On 27 July 1943 the DUNLAP got underway
to escort transports to Guadalcanal and on 1 August escorted two LSTs
and a sub-chaser to Rendova Island. Five days later she and five other
destroyers were dispatched to Vella Gulf to intercept a Japanese cruiser
and three destroyers. The Americans split into two groups, one
consisting of the DUNLAP, CRAVEN (DD-382), and MAURY (DD-401) and the
other, the LANG (DD-399), STERRETT (DD-407), and STACK (DD-406). The
DUNLAP’s group attacked first with torpedoes, and as the torpedoes
struck home, the second group opened fire. Group one also brought their
guns to bear and when the destroyers ceased firing, the entire enemy
force had been sunk.
On 9 August 1943 in the Gizo Strait, the
DUNLAP and GRIDLEY (DD-380) sank one enemy barge and damaged another.
Four days later, while on patrol off Guadalcanal, the DUNLAP and JOHN
PENN (AP-51) came under heavy air attack during which an enemy torpedo
sank the PENN. Following a return to the West Coast and operations in
the Aleutian Islands, she was on her way back to the Western Pacific in
December. In January and February 1944 she screened carriers during
strikes against Wotje, Taroa, and Eniwetok.
While steaming with the SARATOGA (CV-3)
in March, three of the DUNLAP’s crew went into the water to rescue three
survivors of a downed plane from the carrier.

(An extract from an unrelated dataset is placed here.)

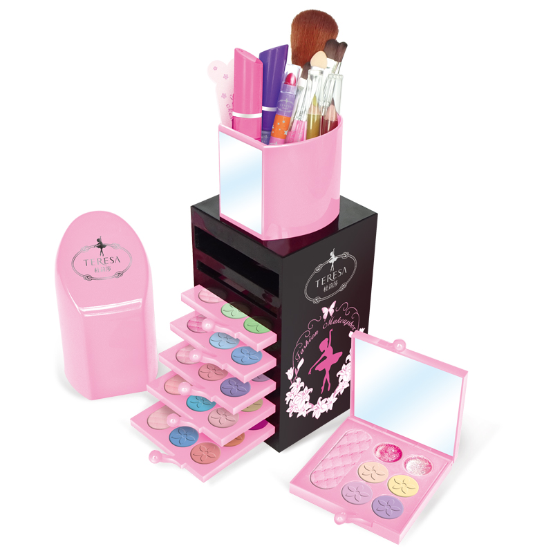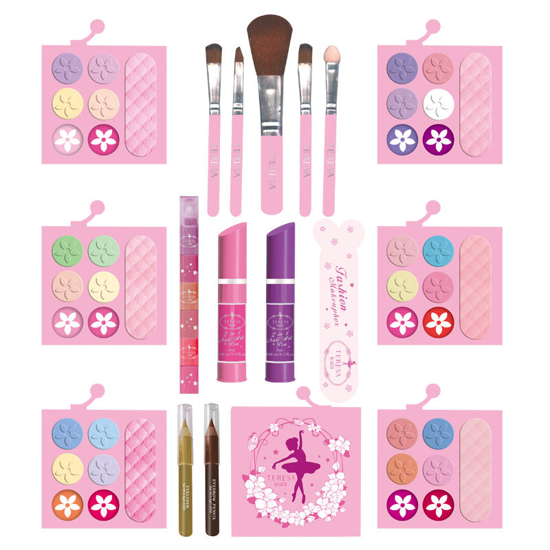 12色眼影,3色腮红,12色唇彩,6色唇膏,3色粉饼,12色湿眼影,1支眼线笔,1支眉笔,2只指彩,5只化妆刷,1化妆盒
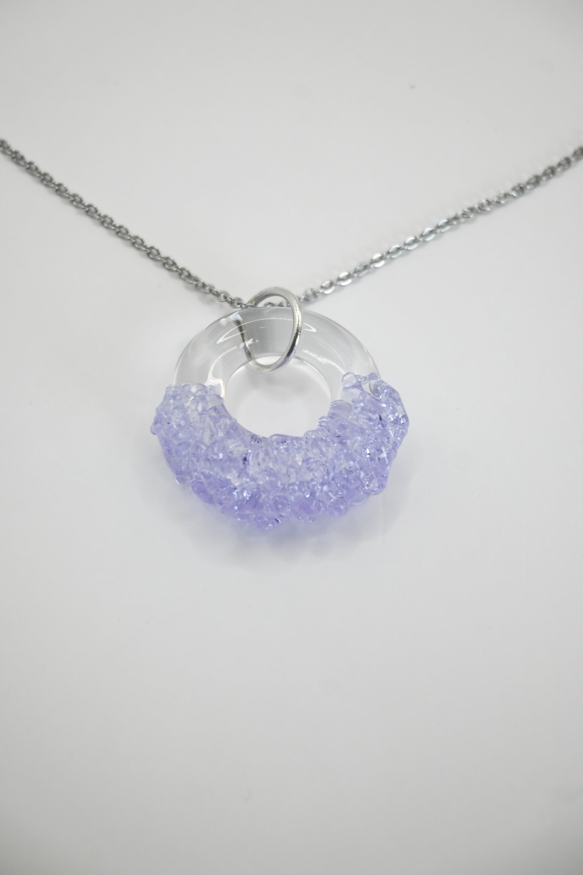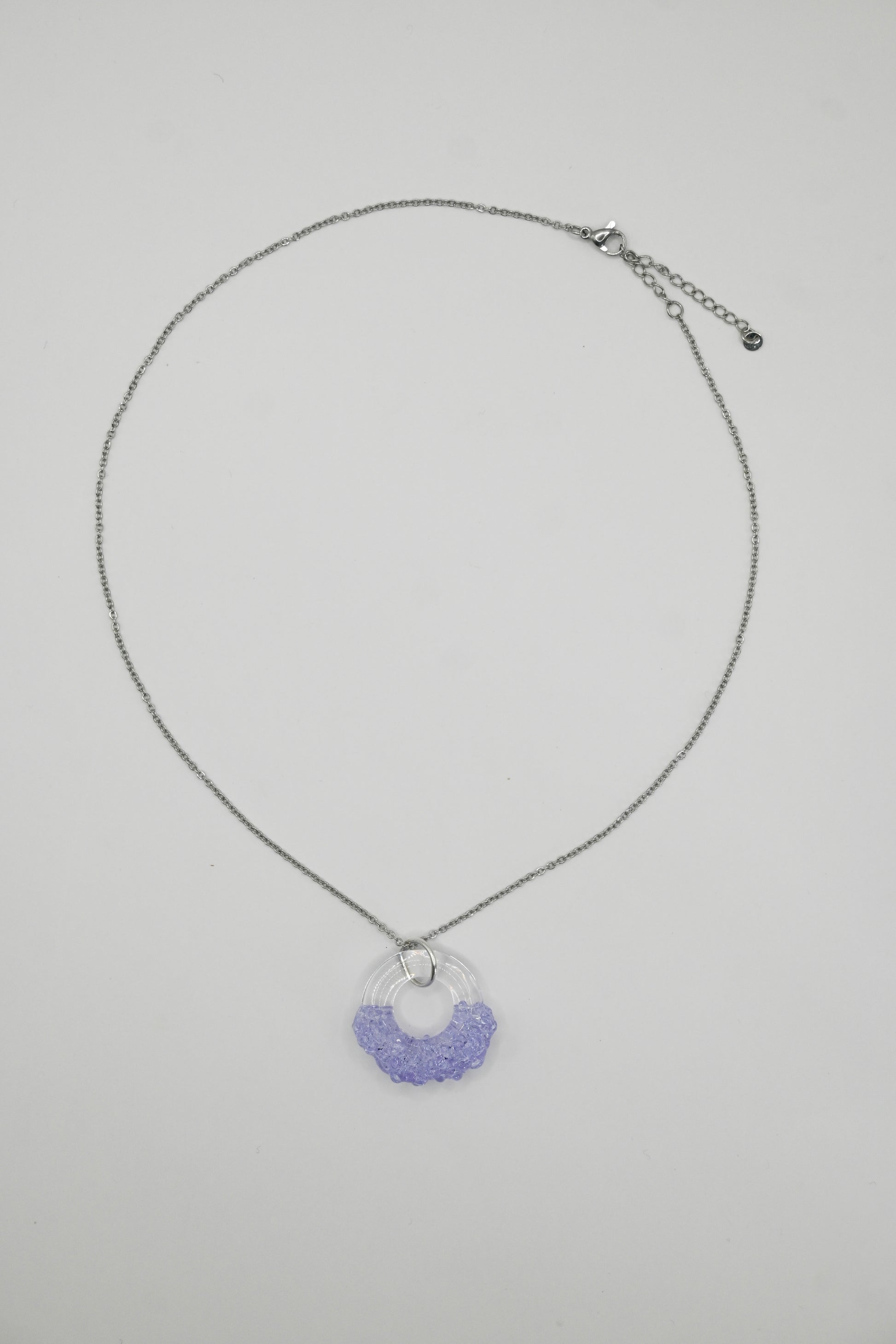 - Plata: Vidrio borosilicato transparente y lila y cadena de acero inoxidable de 45cm.

Later in the month the
DUNLAP began operations with the British Eastern Fleet out of Colombo,
Ceylon.
In May two British Barracudas collided in
mid-air, and the DUNLAP and CUMMINGS (DD-365) rushed to the scene where
only two of three crash victims they pulled from the water survived. In
July 1944 the destroyer escorted the BALTIMORE (CA-68) and later the
CUMMINGS, which carried President Roosevelt on a fishing trip to Auk
Bay, Alaska.
By September she was back in the war
firing on coastal defense guns and other targets on Wake Island. On 9
October 1944, as a massive U.S. force assembled for a return to the
Philippines, the DUNLAP was with Task Group 30.2 headed for Marcus
Island to create a diversion. In her group were three cruisers and the
FANNING (DD-385), CASE (DD-370), CUMMINGS, CASSIN (DD-372), and DOWNES
(DD-375).
When their ruse was successfully
completed, the task group got underway to rendezvous with units of the
Third Fleet for strikes against Luzon and to support MacArthur’s
landings at Leyte on the 20th. Five days later she screened Task Group
38.1 as its carrier planes attacked enemy ships fleeing from their
defeat at the Battle for Leyte Gulf and rescued three American airmen.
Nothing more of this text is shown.